In the realm of prenatal diagnostics, the evolution of genetic testing has opened up new avenues for expecting parents to gain insights into their unborn child’s health. Among the forefront of these advancements is the Prenatal Diagnostic Screening by Karyotyping and FISH (Fluorescence In Situ Hybridization) for chromosomes 13, 18, 21, X, and Y. Offered by DNA Labs UAE, this comprehensive test is designed to detect chromosomal abnormalities that could lead to developmental and genetic disorders.
Symptoms Leading to the Recommendation of Prenatal Diagnostic Screening
Typically, prenatal diagnostic screening is recommended when there are indications or risks of genetic abnormalities. These can arise from various factors such as advanced maternal age, family history of genetic disorders, or abnormal results from previous prenatal screenings. Specific symptoms and conditions that may prompt a healthcare provider to recommend this screening include:
- Abnormal ultrasound findings
- Increased risk of Down syndrome, Edwards syndrome, or Patau syndrome
- History of miscarriages or stillbirths
- Parental concerns about genetic diseases due to family history
Understanding Karyotyping and FISH
Karyotyping is a laboratory technique that allows scientists to view an individual’s chromosomes in a cell. It helps in identifying and evaluating the size, shape, and number of chromosomes, thereby detecting any abnormalities. On the other hand, FISH is a more targeted approach that uses fluorescent probes to visualize specific chromosomes or parts of chromosomes. It is particularly useful in detecting microdeletions or duplications that might not be visible through karyotyping.
What Does the Test Screen For?
The Prenatal Diagnostic Screening by Karyotyping and FISH for 13, 18, 21, X, and Y chromosomes focuses on identifying abnormalities associated with the most common chromosomal conditions:
- Trisomy 13 (Patau Syndrome): Characterized by severe intellectual disability and physical abnormalities in many parts of the body.
- Trisomy 18 (Edwards Syndrome): Associated with a high rate of miscarriage.
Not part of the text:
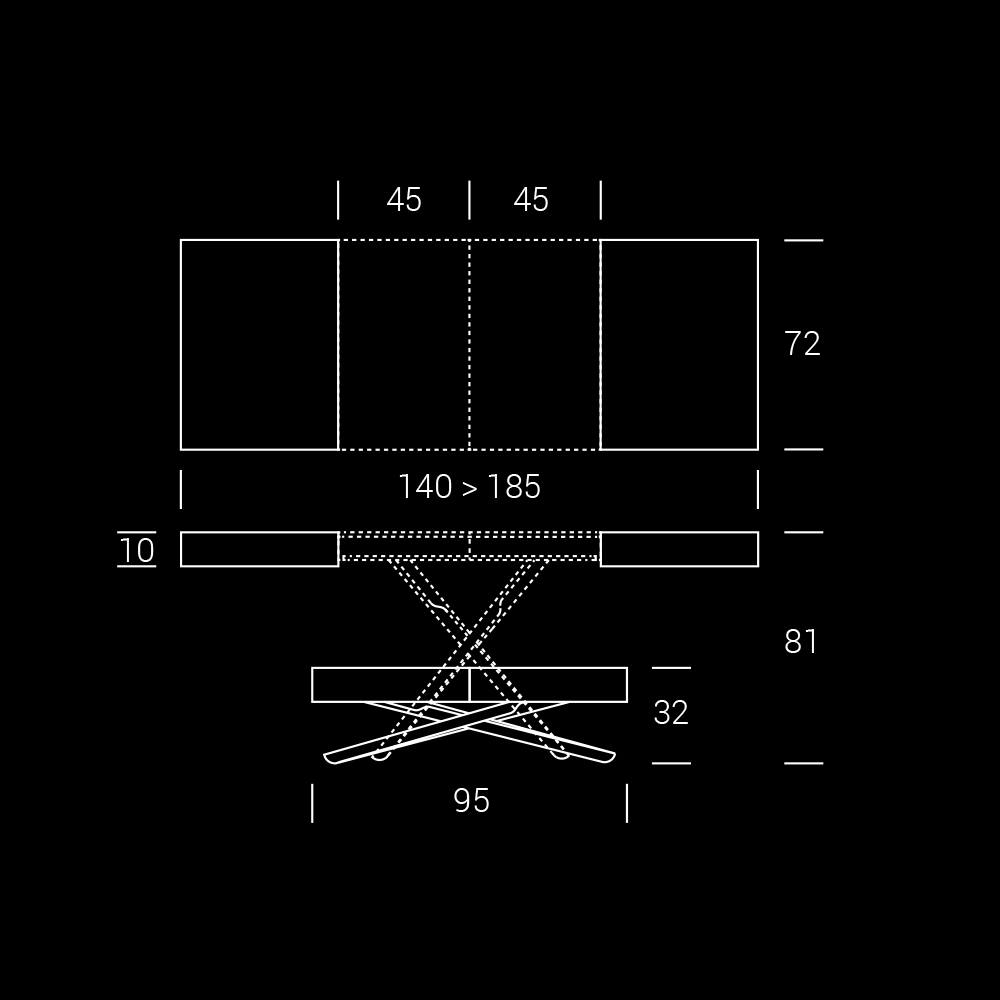 NB : kur hapni tavolinën është e nevojshme të ngrini zgjatimin, ta vendosni në nivelin e sipërm dhe, vetëm atëherë, ta hapni.

Babies that are born often have complex medical and developmental problems.
- Trisomy 21 (Down Syndrome): The most common chromosomal condition, known for causing intellectual disabilities and distinctive facial features.
- Monosomy X (Turner Syndrome): Affects females, leading to short stature and infertility, among other health issues.
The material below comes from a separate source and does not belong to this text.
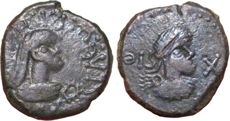 - ΒΑCΙΛΕωC ΡΗCΚΟΥΠΟΡΙC. Бюст царя вправо, справа «венок»
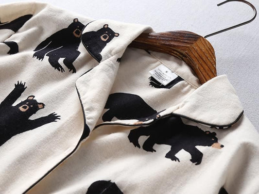 New Ladies Big Black Bears Cotton White Button Up Top & Trousers Pyjamas Pajamas

- Klinefelter Syndrome (XXY): Affects males, leading to infertility and other physical changes.
Test Cost and Procedure
The cost of the Prenatal Diagnostic Screening by Karyotyping and FISH for 13, 18, 21, X, and Y chromosomes at DNA Labs UAE is 3600 AED. The procedure involves collecting a sample of the amniotic fluid or chorionic villus sampling (CVS) from the pregnant woman. This sample is then analyzed in the laboratory using both karyotyping and FISH techniques to identify any chromosomal abnormalities.
Why Choose DNA Labs UAE?
Choosing DNA Labs UAE for prenatal diagnostic screening comes with the assurance of accuracy, confidentiality, and support. The lab is equipped with state-of-the-art technology and staffed by a team of expert geneticists and counselors who provide comprehensive support throughout the testing process. For more information on this test, visit DNA Labs UAE.
Conclusion
Prenatal diagnostic screening by karyotyping and FISH for chromosomes 13, 18, 21, X, and Y offers expecting parents a valuable tool for early detection of chromosomal abnormalities. While the decision to undergo such testing is deeply personal, understanding the symptoms, procedure, and benefits can help in making an informed choice. DNA Labs UAE stands ready to provide this crucial service, combining expertise with compassionate care to support families during this important part of their journey.